当初三赖子借钱给他,他真是感天动地的,感觉这世界上只有三赖子是自己最好的朋友和亲人,别人谁能把钱借给他。
现在自己给不上钱了,他还真是不好意思,所以三赖子踢他、打他、骂他,他一点怨言都没有。
现在听到周怀文的话也没有丝毫觉得不对劲,反而还觉得自己对不起周怀文。
“放心,你放心吧,我说到做到,明天我就出去弄钱去,我一定会把钱还给你们的。
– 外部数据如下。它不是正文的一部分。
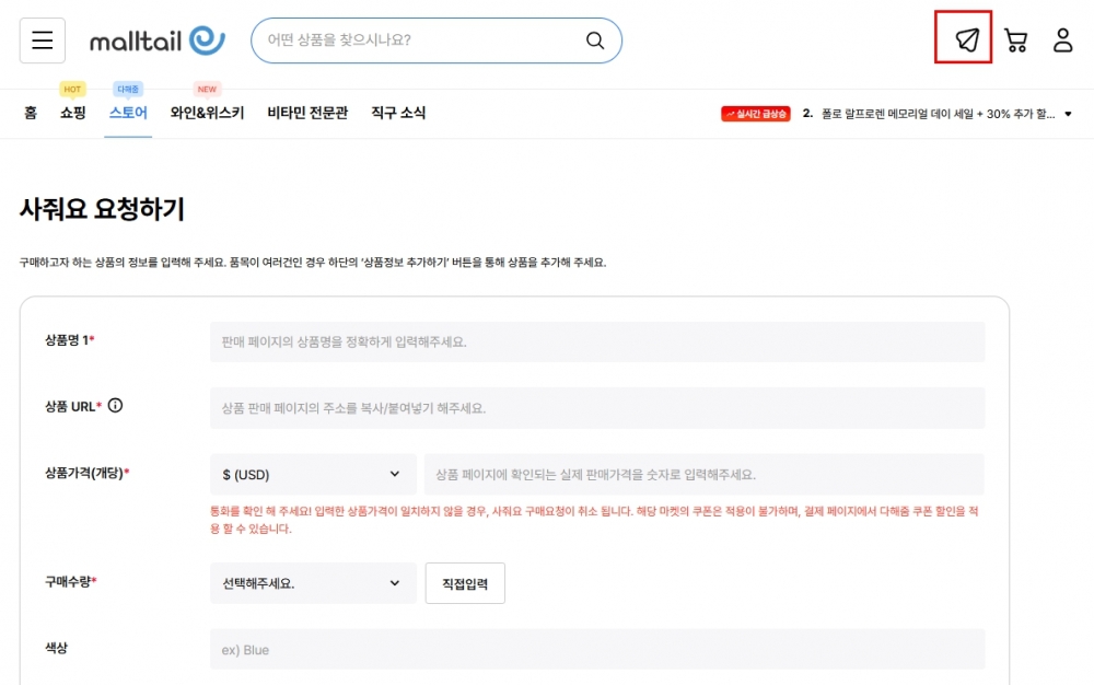 다해줌 상점에 입점되지 않은 사이트의 상품을 구매하고 싶으신 경우,
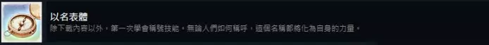 注意点4:准备好钱以及提前存档 军武狂材料是一方面,花钱也是一方面,DLC送的钱总算是派上了用场,可以提前保存好存档,然后领取DLC的钱,做100种武器我大概是准备了接近50W,建议先去把支线做完,任务会奖励很多钱,解锁完成就之后再回档。 技能成就 23. 以名表体 除下载内容以外,第一次学会称号技能。
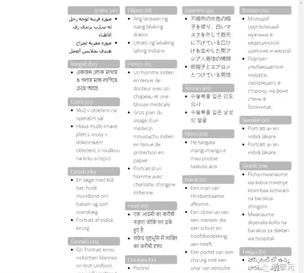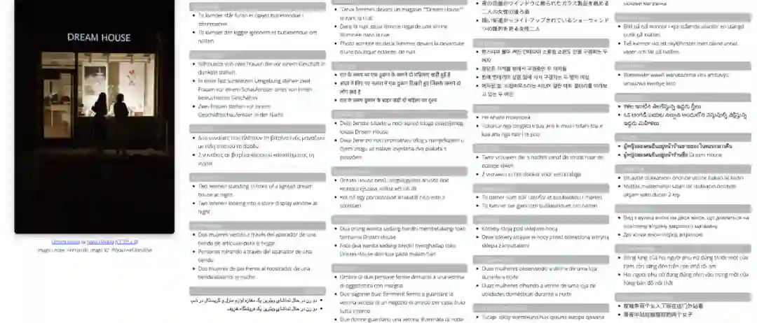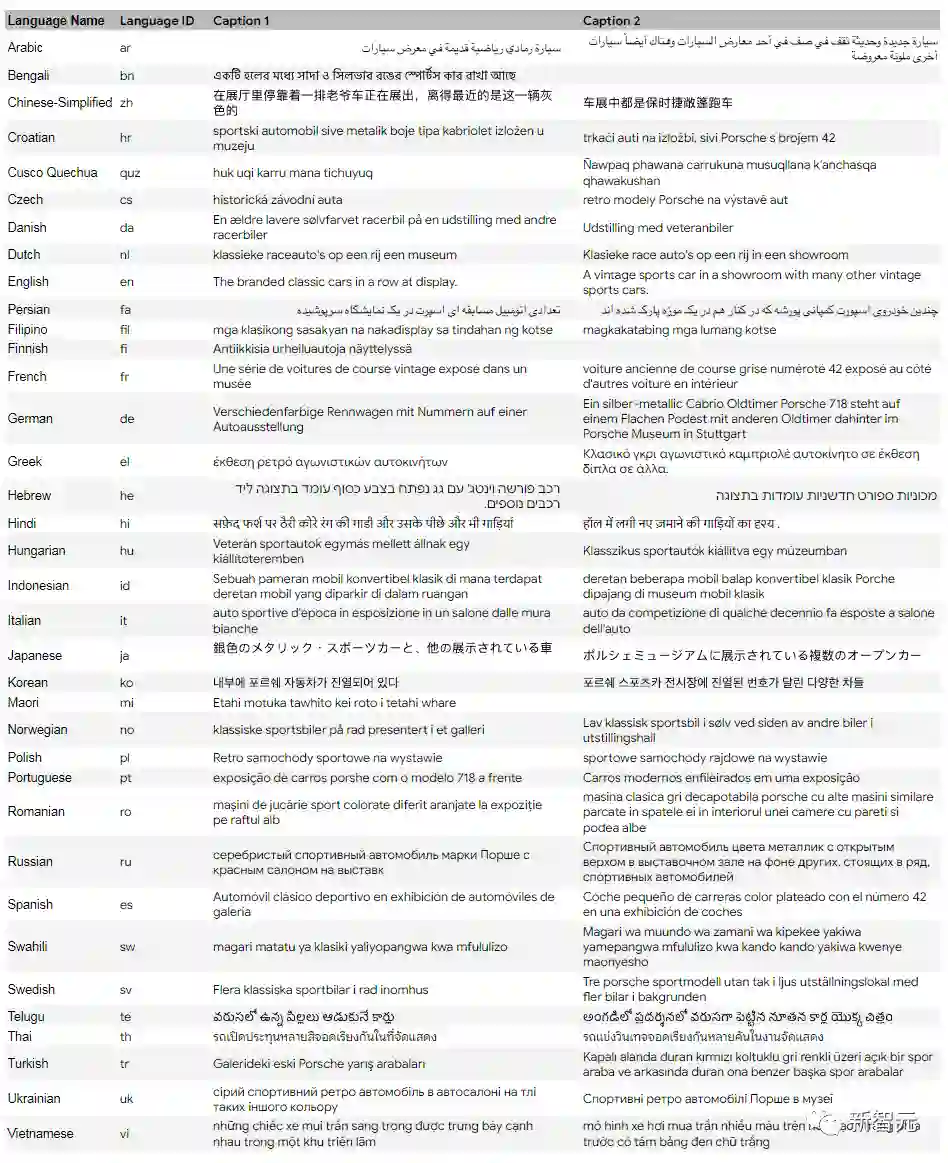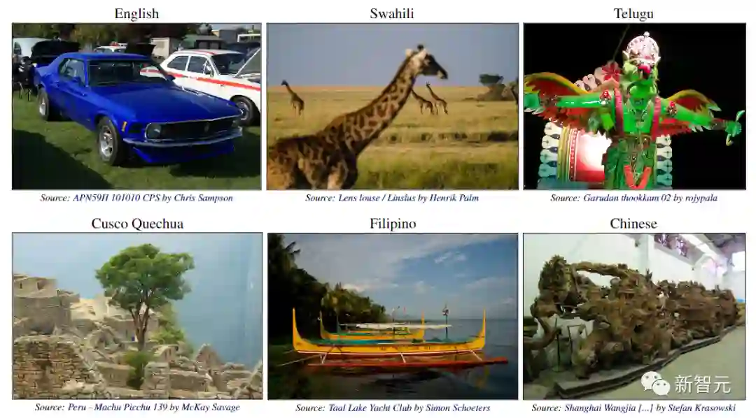 图像内容也是精挑细选,都是这36种语言使用者所在地收集的图像。为了避免直接翻译导致的标注问题,所有图像描述都由人工编写。
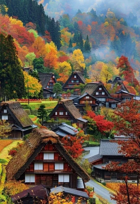 当秋色浸染飞驒山脉,白川乡的百年合掌造披上红妆。茅草屋顶的金黄与枫叶的赤焰在梯田层层晕染,宛如被神遗忘的调色盘。这里是日本唯一同时拥有「世界遗产+红叶百选」称号的奇境,秋日限定的治愈力满点!
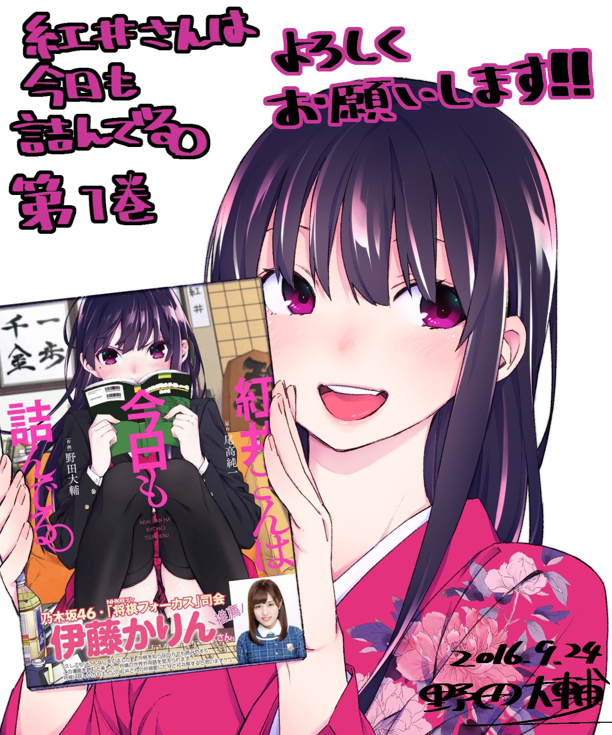 野田大輔 本日9月24日 紅井さんは今日も詰んでる 第一巻発売です 帯に将棋フォーカスの司会を務める 乃木坂46の伊藤かりんさんから推薦文を戴きました 将棋以外ダメダメな紅井さんですが ちょびっとだけ

”
三赖子冷哼一声。
“几天了就和你要这钱你也不还,明天就有钱了,你以为老子是骗大的吗?”
三癞子说完就从炕上下来,他眯起了眼睛,把抽剩下的那个烟头吹了吹,然后,阴冷的走到谢川的面前,蹲在地下猛进吸了一口烟,谢川吓得连连后退,不知道三赖子想要干什么,他想躲,可是往哪躲。
自己的身子和凳子捆在一起,他每挪动一下凳子就随着挪动一下,把他的胳膊和手勒得一道红红的印子。
谢川赶紧把脸拧到一边去,不敢看三赖子对自己要做什么?
三赖子把烟头就放在了谢川的手上,而且狠狠的按了下去,还不住的向烟头吹着气儿,那烟头在谢川的手上越燃越旺。
“啊……哎呀呀,赖子哥饶命、饶命。”
谢川疼的面目狰狞,他哀嚎着看向周怀文。
“你快和赖哥说个好话,我三天之内三天之内一定会把钱还给你的,我说到做到。”